* [GIVEN DATA]

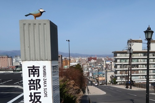 案内柱の上部にも注目! 函館市の鳥「ヤマガラ」のオブジェがちょこんと留まっています。
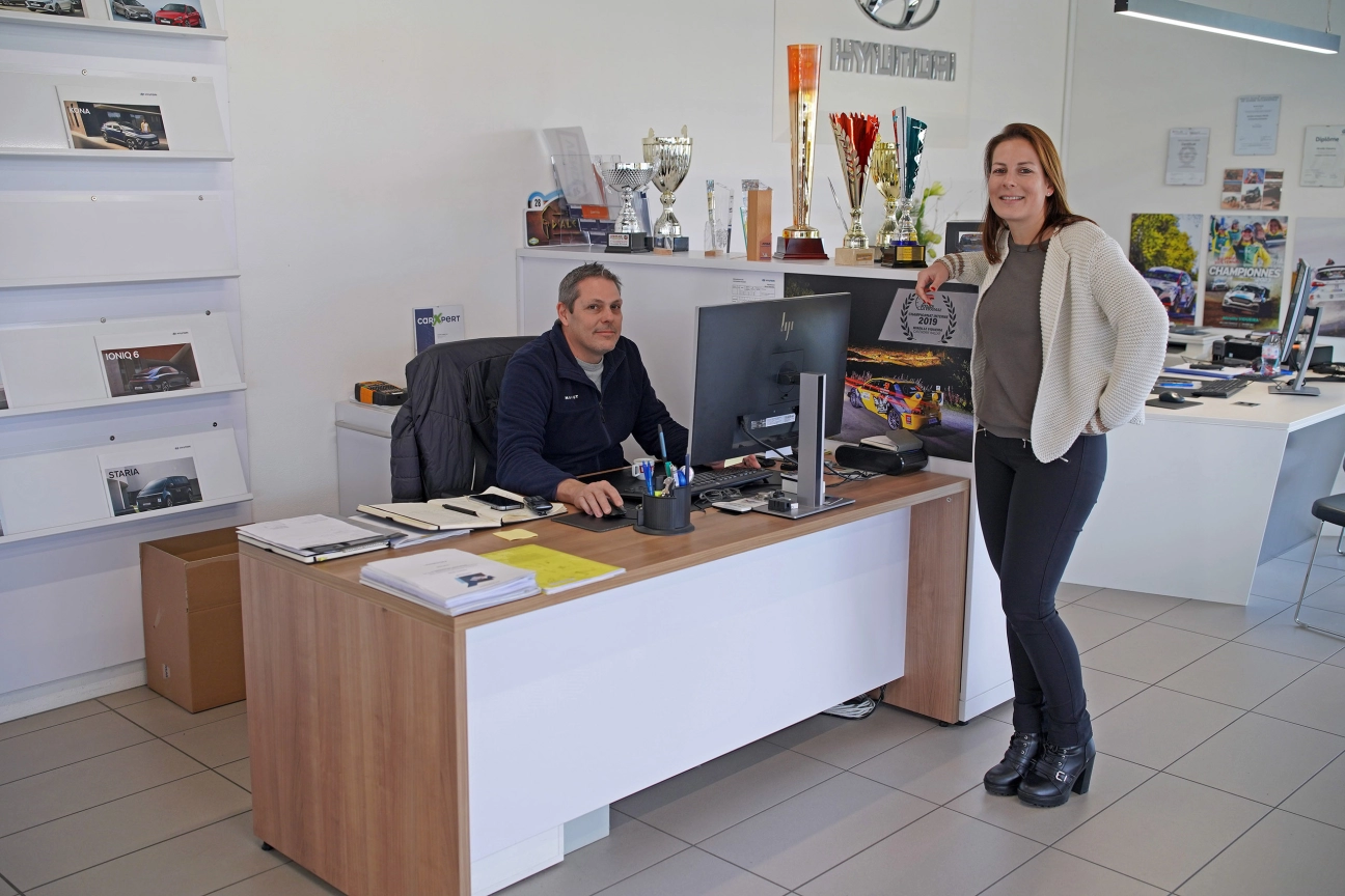 « Nous sommes les fiers représentants des marques VW et Hyundai ici dans la région du Chablais. Mais la charge de travail pour tous les audits et aussi les obligations pour conserver la plaque de concessionnaire ne cesse d'augmenter », admet sans hésiter Mireille Vidueira. Si l'on n'a pas de toilettes accessibles aux fauteuils roulants, il y a déjà une pénalité dans l'évaluation interne de la marque. Et si l'on a besoin de quelque chose, on ouvre un ticket en ligne et, avec un peu de chance, on obtient une réponse. « Le concept d'atelier de Derendinger est différent », explique Mireille Vidueira. Les clients apprécient le fait que le garage Cornut les connaisse personnellement et sache quel modèle de voiture ils conduisent et quand et quoi a été réparé en dernier. De la même manière, Mireille et David Vidueira apprécient, au sein du réseau de garages indépendants de qualité de Derendinger, que l'on ne soit pas simplement un numéro en tant que garage. « Chez carXpert, tout fonctionne de manière beaucoup plus familiale, même si Derendinger est une grande entreprise. Ici, on a un interlocuteur personnel – on se connaît, cela aide énormément », explique la cheffe des ventes du garage Cornut. « Que ce soit avec une ou deux marques, les marges baissent. Il est donc extrêmement important que l'entreprise soit plus largement soutenue. Cela fonctionne très bien avec un concept multimarque supplémentaire », dit-elle, « la plupart du temps, nos clients VW et Hyundai ont de toute façon dans leur famille un deuxième véhicule d'une autre marque. Et s'ils sont satisfaits de notre service, ils peuvent désormais le faire entretenir chez nous sans problème. Et avec le logo carXpert, nous affichons clairement notre compétence multimarque ».
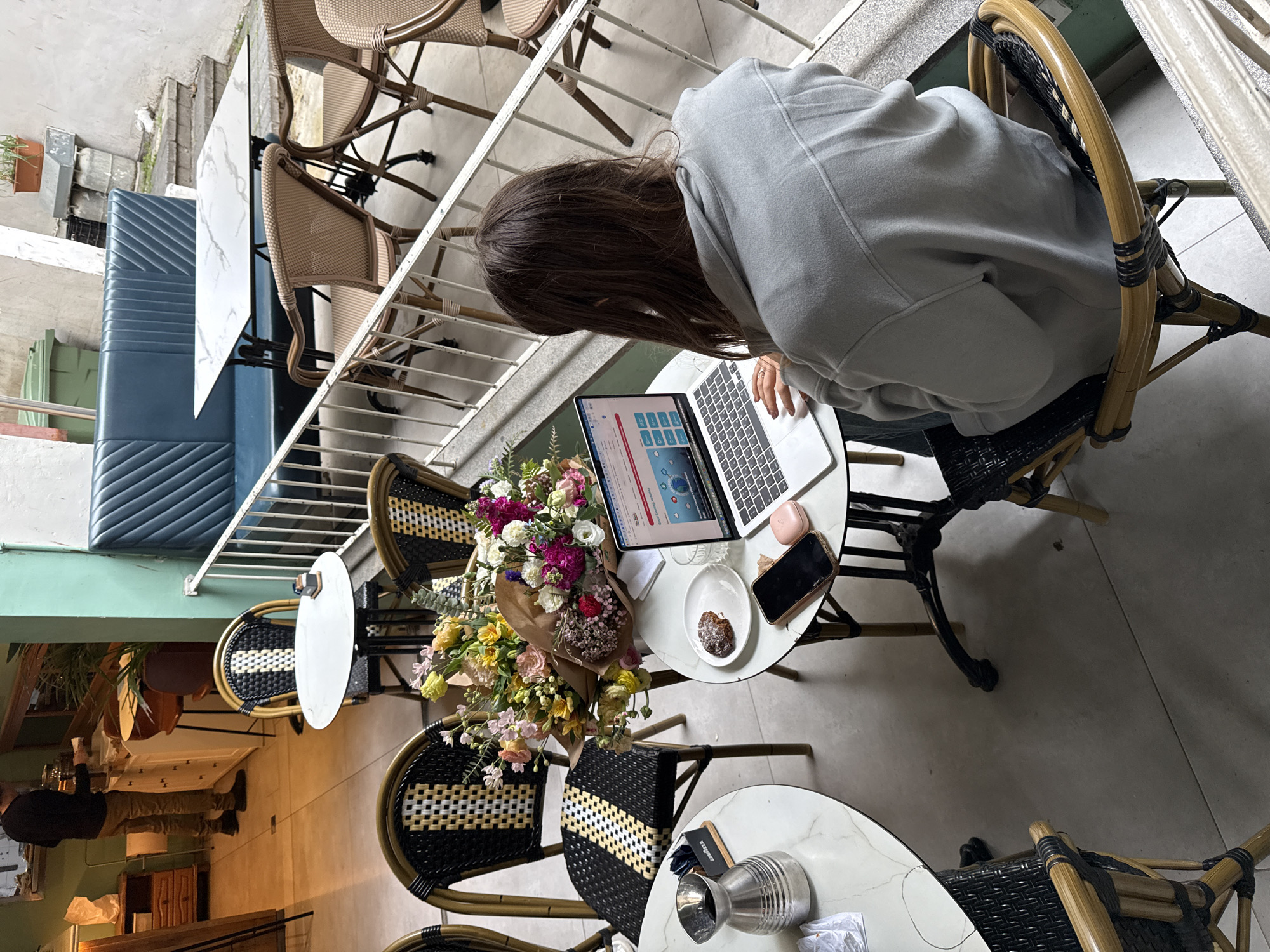 - "An overhead shot shows a woman working on a laptop at an outdoor cafe in Tel-Aviv, Israel" by FM-bbBQ42, licensed under CC BY 4.0

* [PROBLEM DETAILS] Reproduce the data above exactly, leaving out any picture in it.

* [YOUR SOLUTION]
 案内柱の上部にも注目! 函館市の鳥「ヤマガラ」のオブジェがちょこんと留まっています。
 « Nous sommes les fiers représentants des marques VW et Hyundai ici dans la région du Chablais. Mais la charge de travail pour tous les audits et aussi les obligations pour conserver la plaque de concessionnaire ne cesse d'augmenter », admet sans hésiter Mireille Vidueira. Si l'on n'a pas de toilettes accessibles aux fauteuils roulants, il y a déjà une pénalité dans l'évaluation interne de la marque. Et si l'on a besoin de quelque chose, on ouvre un ticket en ligne et, avec un peu de chance, on obtient une réponse. « Le concept d'atelier de Derendinger est différent », explique Mireille Vidueira. Les clients apprécient le fait que le garage Cornut les connaisse personnellement et sache quel modèle de voiture ils conduisent et quand et quoi a été réparé en dernier. De la même manière, Mireille et David Vidueira apprécient, au sein du réseau de garages indépendants de qualité de Derendinger, que l'on ne soit pas simplement un numéro en tant que garage. « Chez carXpert, tout fonctionne de manière beaucoup plus familiale, même si Derendinger est une grande entreprise. Ici, on a un interlocuteur personnel – on se connaît, cela aide énormément », explique la cheffe des ventes du garage Cornut. « Que ce soit avec une ou deux marques, les marges baissent. Il est donc extrêmement important que l'entreprise soit plus largement soutenue. Cela fonctionne très bien avec un concept multimarque supplémentaire », dit-elle, « la plupart du temps, nos clients VW et Hyundai ont de toute façon dans leur famille un deuxième véhicule d'une autre marque. Et s'ils sont satisfaits de notre service, ils peuvent désormais le faire entretenir chez nous sans problème. Et avec le logo carXpert, nous affichons clairement notre compétence multimarque ».
 - "An overhead shot shows a woman working on a laptop at an outdoor cafe in Tel-Aviv, Israel" by FM-bbBQ42, licensed under CC BY 4.0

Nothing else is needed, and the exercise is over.